■ ACTIVITY ■
Write out the data again exactly, skipping every picture.

■ DATA SEGMENT ■
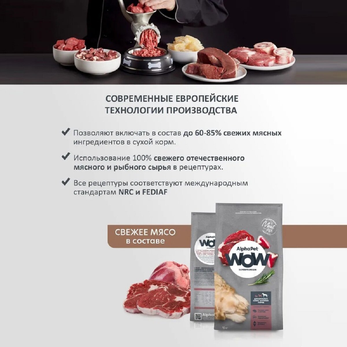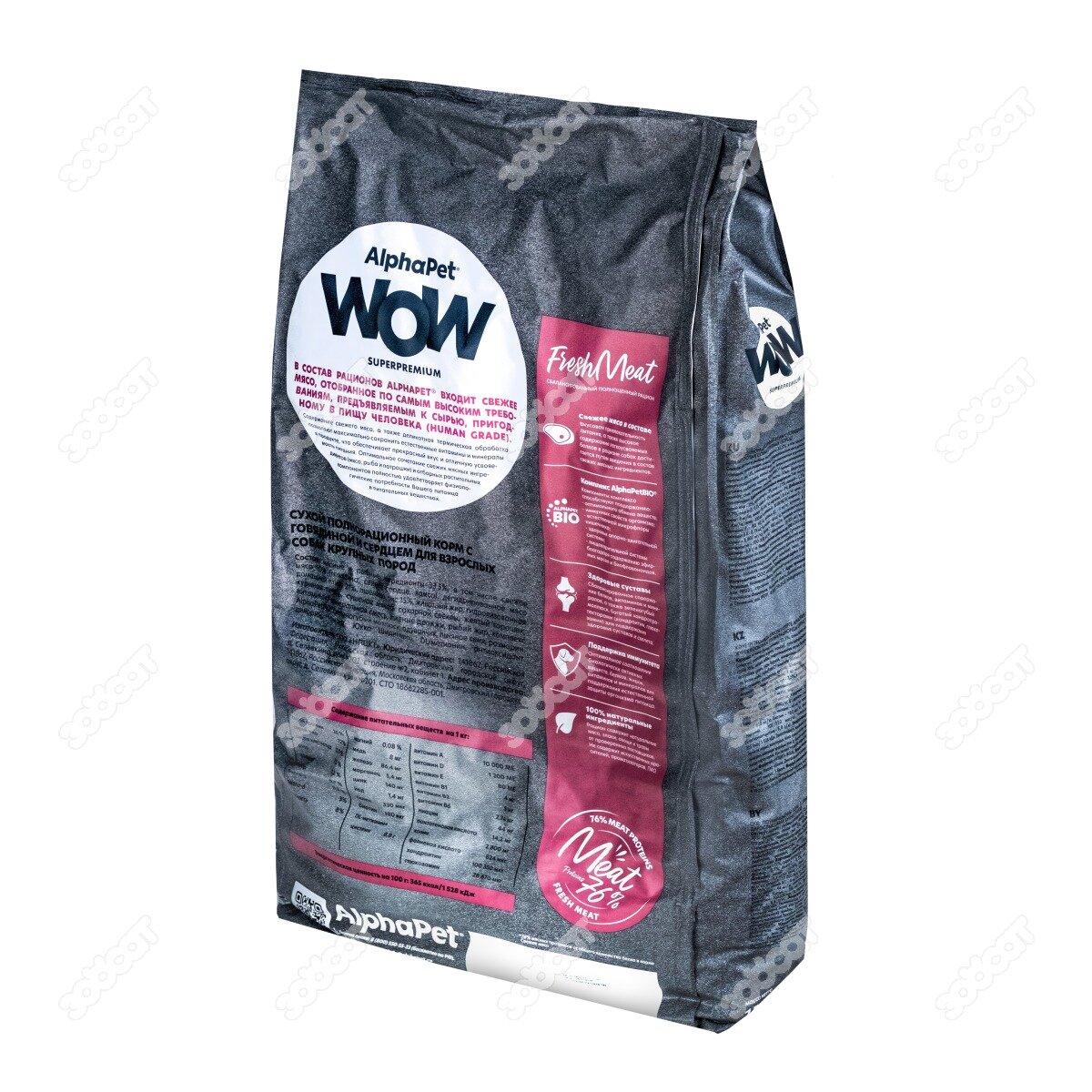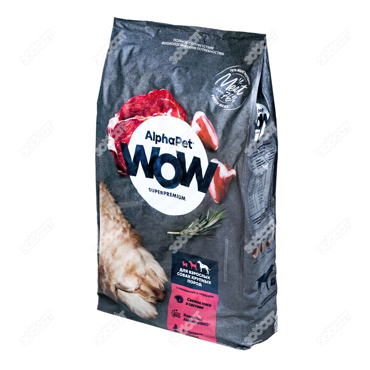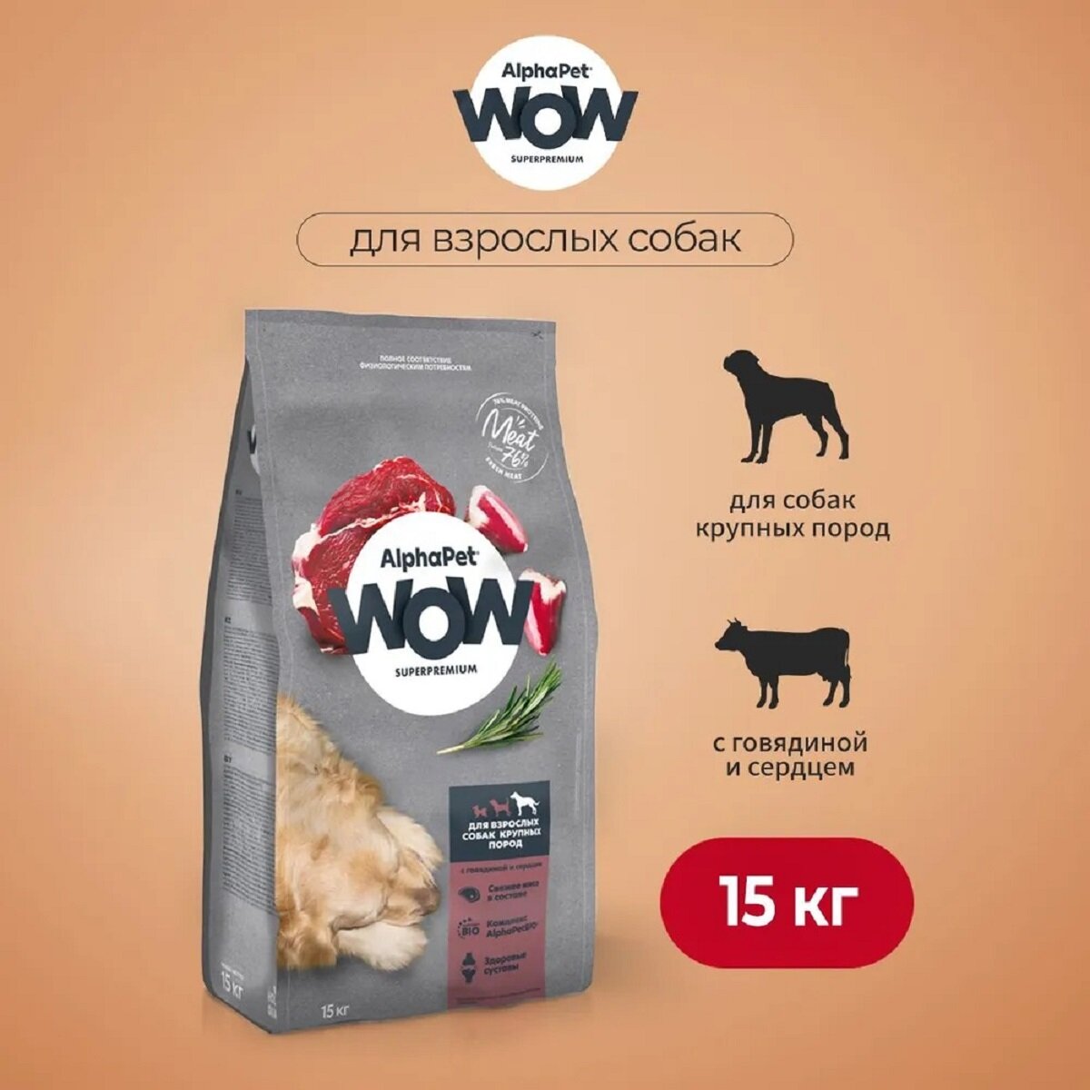 Купить Сухой полнорационный корм с говядиной и сердцем для взрослых собак крупных пород AlphaPet WOW Superpremium 15 кг
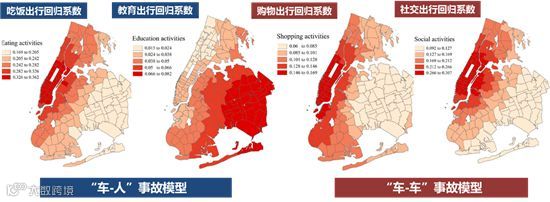 交通事故与浮动车的出行记录在空间和时间上都存在显著的相关性,我们把一系列的数据都放到我们空间模型中,去分析交通小区种不同出行的活动类型对事故风险的影响。比如吃饭、教育等这些出行活动和机非机动车的交通事故风险呈正相关,关键可以在不同小区中给出吃饭、教育等等出行模式对交通事故风险、机非交通事故风险的定量化的刻画。在购物、社交出行和机-机等交通风险正相关,而且可以给出不同的交通小区之间它的影响强度。
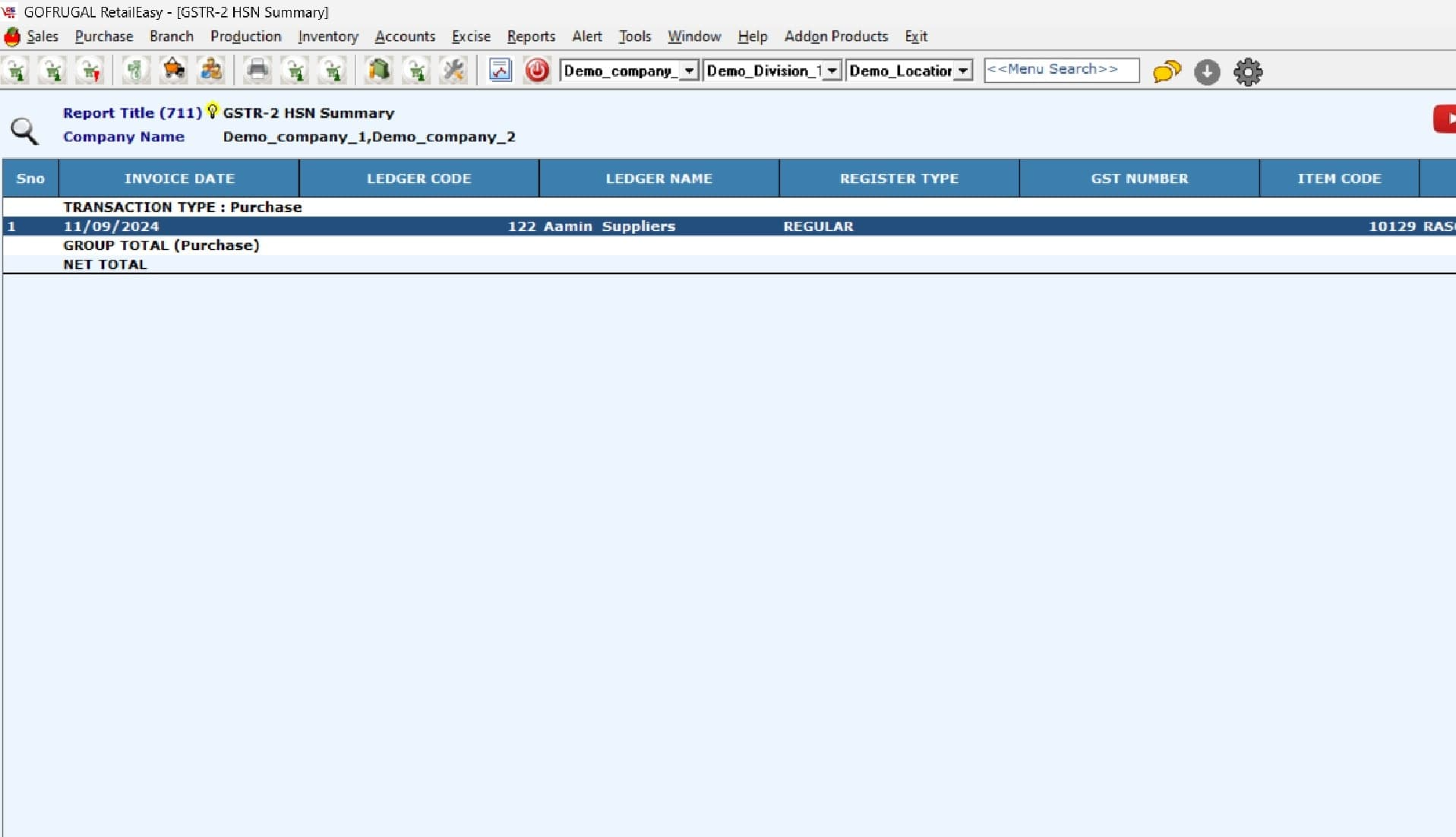 For GSTR2, enter Report ID 711 (GSTR2 HSN Summary Report).

■ ANSWER AREA ■
 Купить Сухой полнорационный корм с говядиной и сердцем для взрослых собак крупных пород AlphaPet WOW Superpremium 15 кг
 交通事故与浮动车的出行记录在空间和时间上都存在显著的相关性,我们把一系列的数据都放到我们空间模型中,去分析交通小区种不同出行的活动类型对事故风险的影响。比如吃饭、教育等这些出行活动和机非机动车的交通事故风险呈正相关,关键可以在不同小区中给出吃饭、教育等等出行模式对交通事故风险、机非交通事故风险的定量化的刻画。在购物、社交出行和机-机等交通风险正相关,而且可以给出不同的交通小区之间它的影响强度。
 For GSTR2, enter Report ID 711 (GSTR2 HSN Summary Report).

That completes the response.